Секунд-майор Гавриил Васильевич Луговой более десяти лет был в отставке и жил в своем доме, в переулке между Никитской и Воздвиженкой, со своей единственной дочерью Настей. Он овдовел, когда Насте было лет десять. Она хорошо помнила свою мать — покорную и бессловесную рабу мужниной воли. Эта крутая воля и уложила бедную женщину так скоро в могилу.

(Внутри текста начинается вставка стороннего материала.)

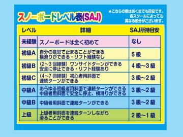 レッスン班構成のため、お申込み時には、必ず上記表を参考にお子様のスキーもしくはスノーボードレベルをご入力ください。

Майор Луговой был человеком странным; свою дочь Настю он любил какой-то особенной любовью: исполняя капризы, тратил большие деньги на ее наряды, на дорогие безделушки, дарил ей бриллианты, а в то же время кричал на дворецкого и ругал дворовых, нередко наказывал их на конюшне, когда они неумышленно при какой-нибудь покупке передавали торговцу лишнюю копейку. Делая дочери тысячные подарки, он не давал ей гривенника на карманные расходы. Со своими дворовыми майор был груб, держал их впроголодь, жестоко наказывал, но бывали минуты, когда он был добр и ласков, собирал всех вместе и, кланяясь чуть не до земли, просил прощения. Однако такое душевное настроение не мешало Гавриилу Васильевичу придраться к кому-нибудь из слуг и отправить его на конюшню «угостить полсотней горячих».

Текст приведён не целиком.